Anyway, this should be a pdf because that was one of the request parameters. (I could also have chosen for .gif, or .jpg in different qualities.)
I tried reading the content, like this:
#label_binary = #response_label[:generate_label_response][:response_shipments][:response_shipment][:labels][:label][:content]
binary_data = Base64.decode64(#label_binary)
#label = File.open('file_name.pdf', 'wb') {|f| f.write(Base64.decode64(binary_data))}
But what this prints then as #label is just a number (three of four digits). Same when I use urlsafe_decode64.
Not very helpful.
Preferred end-result would be a pdf image file that I can immediately display (in this case a barcode on top of an invoice for sending a package).
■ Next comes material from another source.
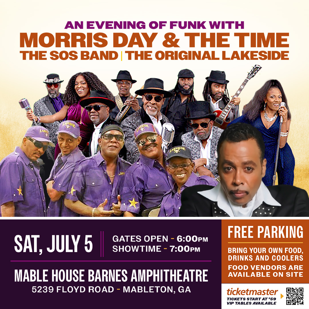 An Evening of Funk Jul 8, 2025 | 0 comments An Evening of Funk featuring Lakeside, The S.O.S. Band and Morris Day and The Time Submit a Comment Cancel replyYour email address will not be published. Required fields are marked *Comment * Name * Email * Website Save my name, email, and website in this browser for the next time I comment. Δ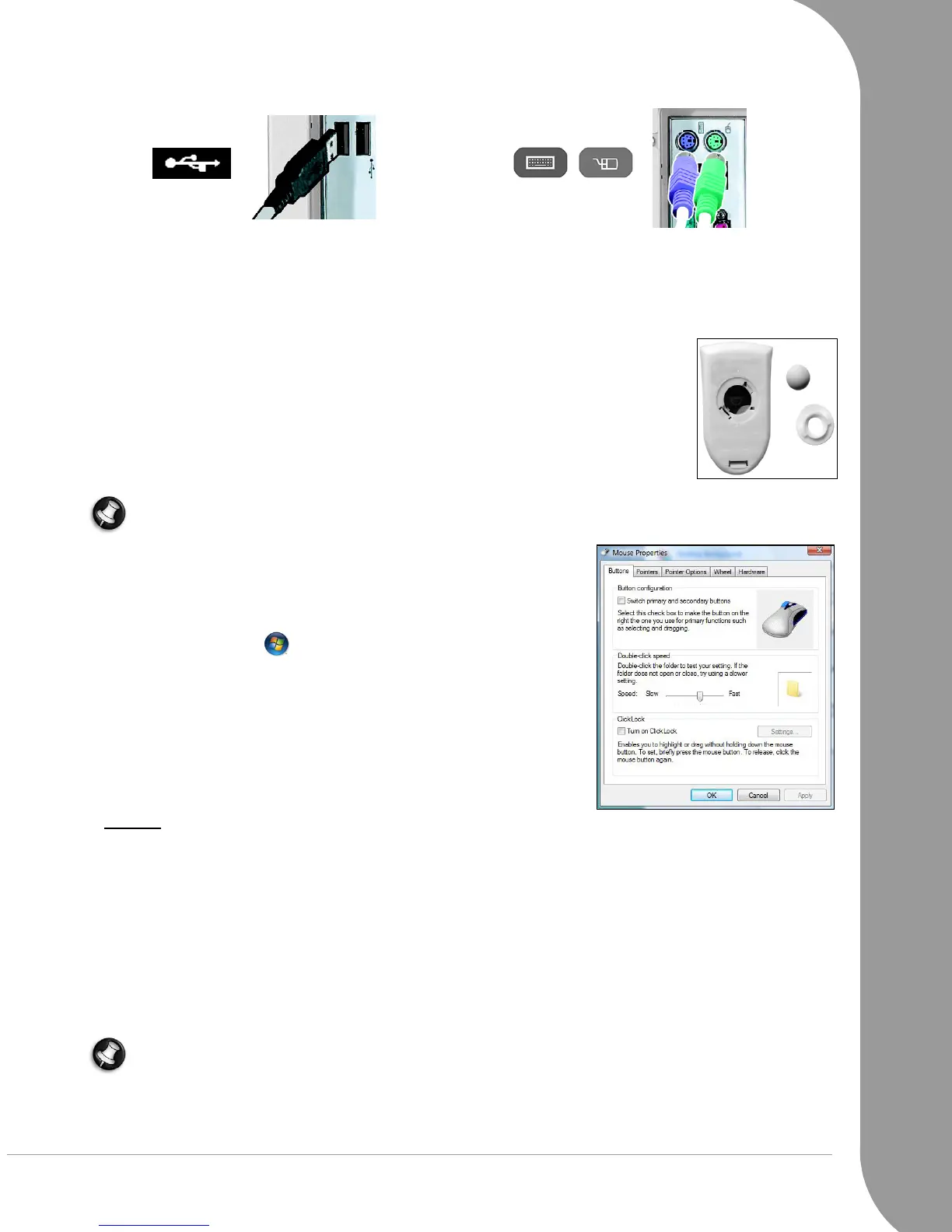 Note: Optical mice do not have a track ball and do not get as dirty as regular mice since they do not

Could I for this purpose save the file temporarily? Meaning: every time I need to display I rebuild this image. I think that would be best.
EDIT
I am making the call now directly to a 600dpi .jpg image and then:
base_64_binary_data = #response_label[:generate_label_response][:response_shipments][:response_shipment][:labels][:label][:content]
#jpg_file = File.open('label.jpg', 'wb') do |file|
content = Base64.decode64 base_64_binary_data
file << content
end
This file shows up at my_apps_name/label.jpg.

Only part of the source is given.